The FTC’s analysis is based on ‘at least sixteen waves of documents, complete copies of its internal databases through 201724, and detailed economic analysis of same’ provided by Neora to the FTC.

Neora argues that running an MLM company paying 99% of commissions tied to recruitment isn’t illegal “under the law”.

And when they told the FTC that, the regulator supposedly “abandoned the law”.

As per their own commissioned analysis, Neora claims 77% of commissions paid out are “for sales of product to ultimate end users.”

The problem is the vast majority of “end users” are distributors (thus tying commissions paid out to recruitment instead of retail sales).

One redeeming claim made by Neora is that

in 2016 and 2017, about 60 percent of Nerium’s total sales were to non-business participant “Preferred Customers”.

Omitted however is whether those preferred customers are genuine retail customers or distributors who failed to qualify for commissions and/or hadn’t recruited anyone yet (failed arguments also raised by Herbalife and Vemma).

Ominously, Neora states that if 1% of commissions paid out are tied to retail sales makes for a pyramid scheme

then there are likely no legal MLMs in the U.S.

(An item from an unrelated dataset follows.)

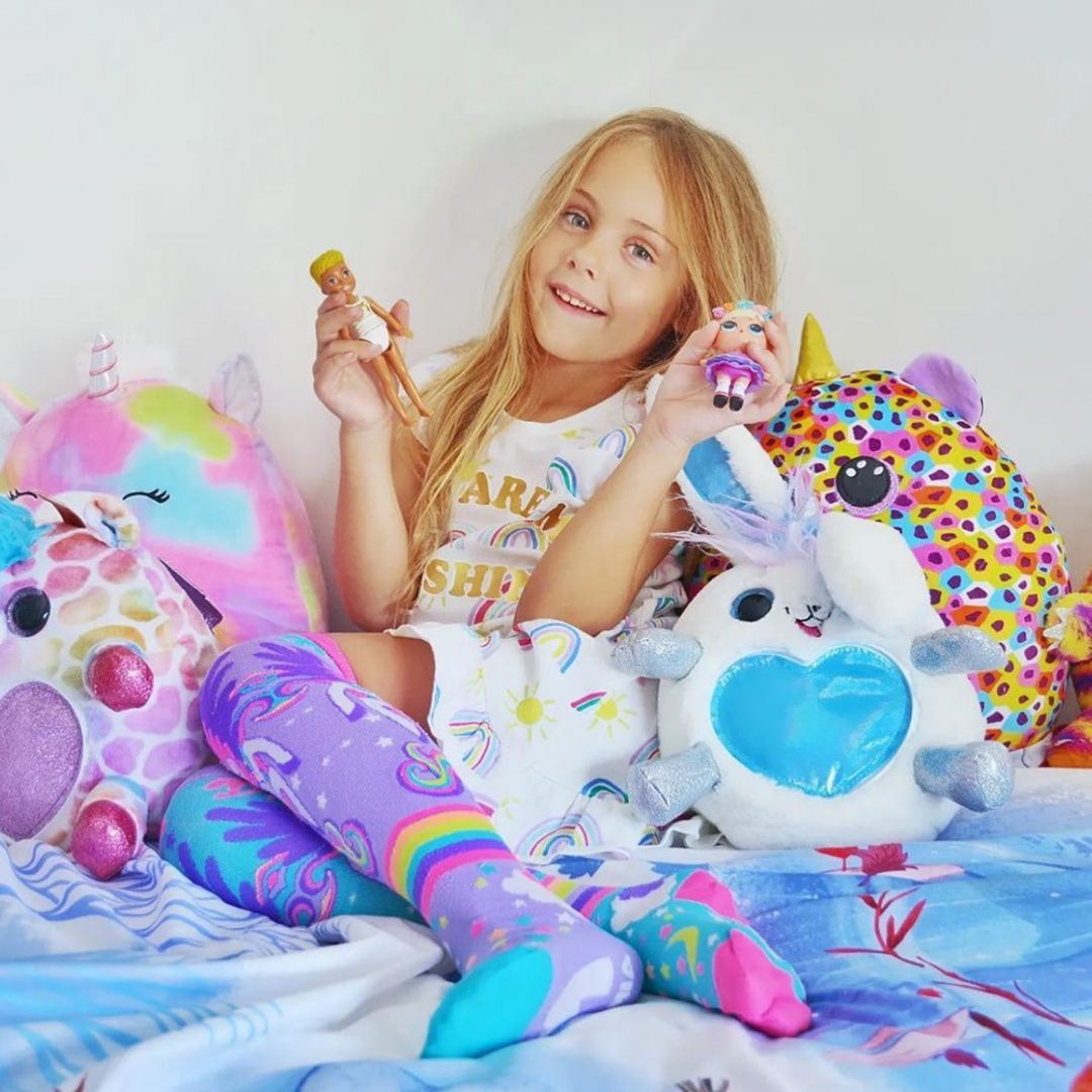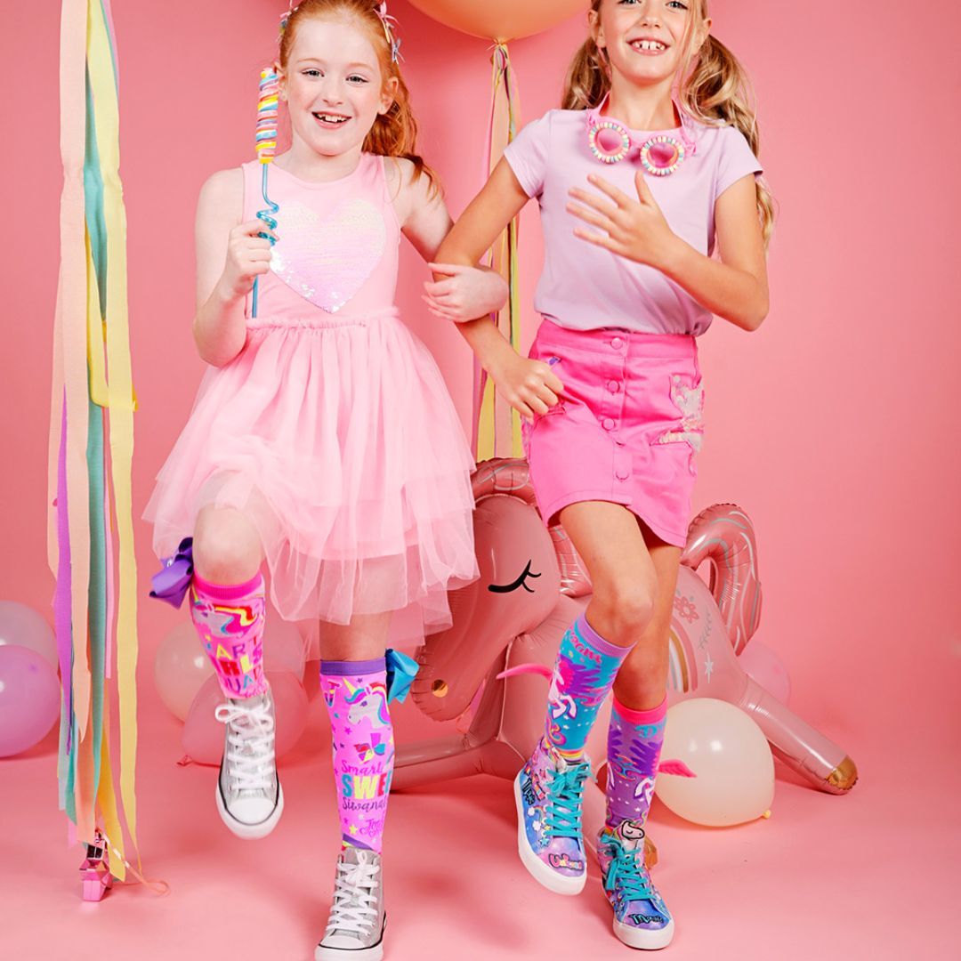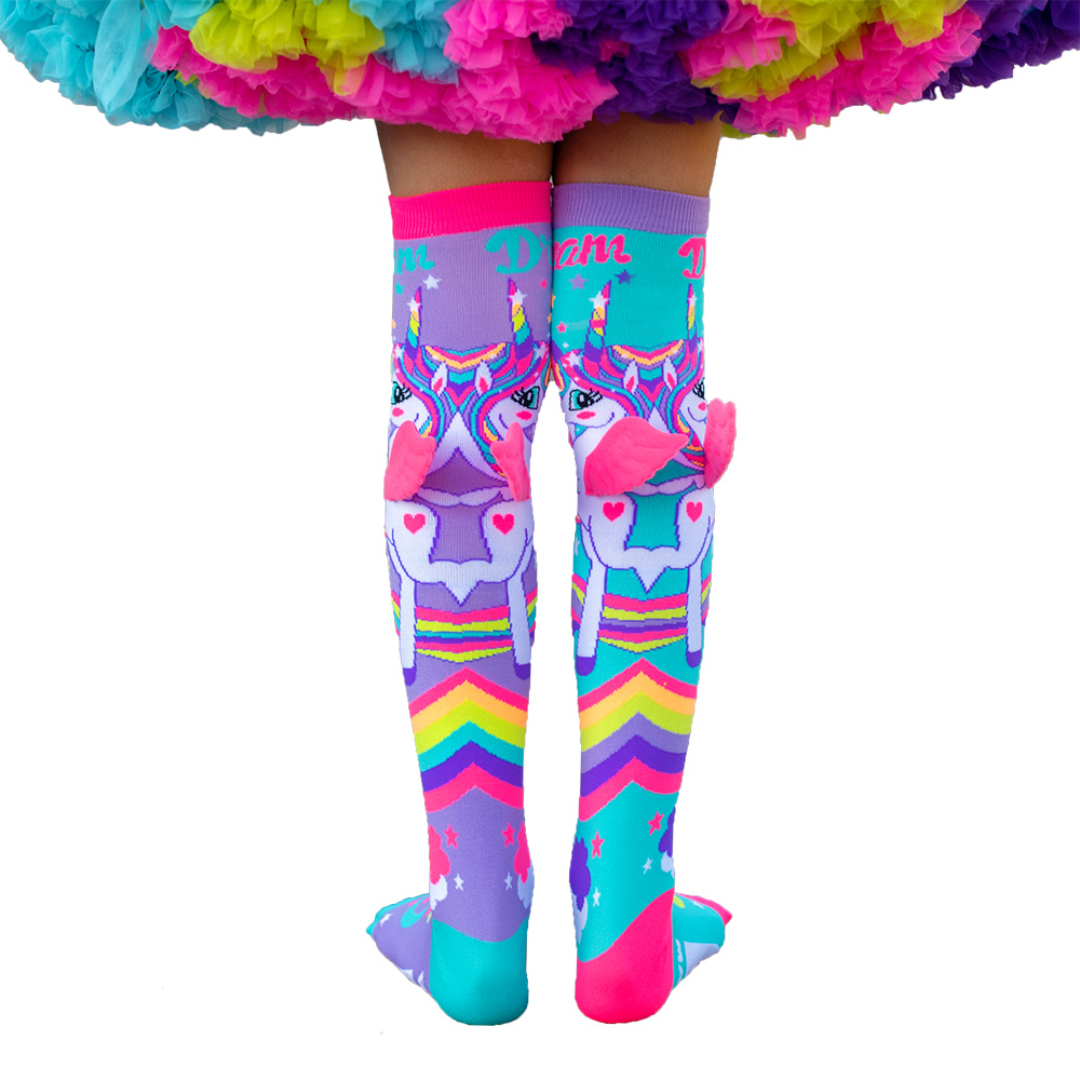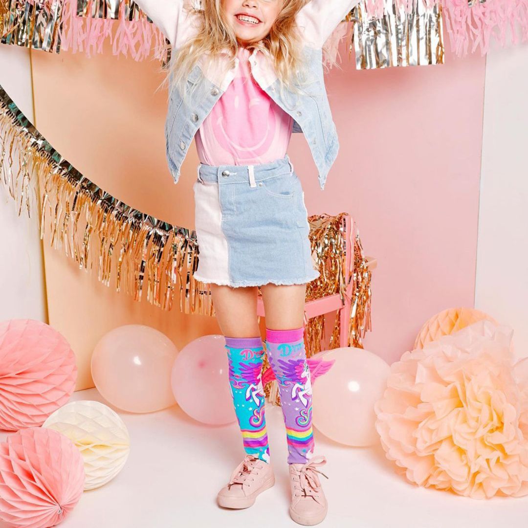 Madmia Mini Pony Socks har et fargerikt motiv med enhjørningstema og små rosa vinger som gir et lekent uttrykk. Sokkene er laget i myke og holdbare materialer og passer godt til barn som vil ha et ekstra sprekt tilbehør. One size-modell for barn fra 6 år.

This simply cannot be the law and it is not.

One last point I’d like to clarify is my stance on Neora’s business model, and reliance on the FTC’s investigative data.

I’m taking the FTC’s 1% claim at face value precisely because I’ve gone over Nerium’s and Neora’s business models.

An MLM compensation plan with no retail volume requirements and an emphasis on distributor autoship recruitment lends itself to being a pyramid scheme.

You can pull “but we don’t require our distributors to purchase anything” pseudo-compliance, as Neora has done.

But at the end of the day if the majority of distributors are qualifying for commissions on their own purchase as opposed to retail volume, and the majority of commissions paid out are tied to these purchases (typical of a distributor autoship recruitment scheme), then you’re looking at a pyramid scheme.

Neora can file a lawsuit and harp on about this not being explicitly referenced in US law, but I don’t like their chances in court.

If 99% of commissions Neora is paying out have nothing to do with retail sales, as the FTC alleges, best of luck defending that.

Remember, if the FTC’s 1% analysis is factually correct (and I have no reason to believe it isn’t, given Neora’s compensation plan), then Neora prevailing in either action equates to the legalization of product-based pyramid schemes in the US.

I can’t see that happening.

What I would like to see is a definitive ruling, although one could argue we already got that in 2014 with FHTM (they also had “products” and “end consumer”).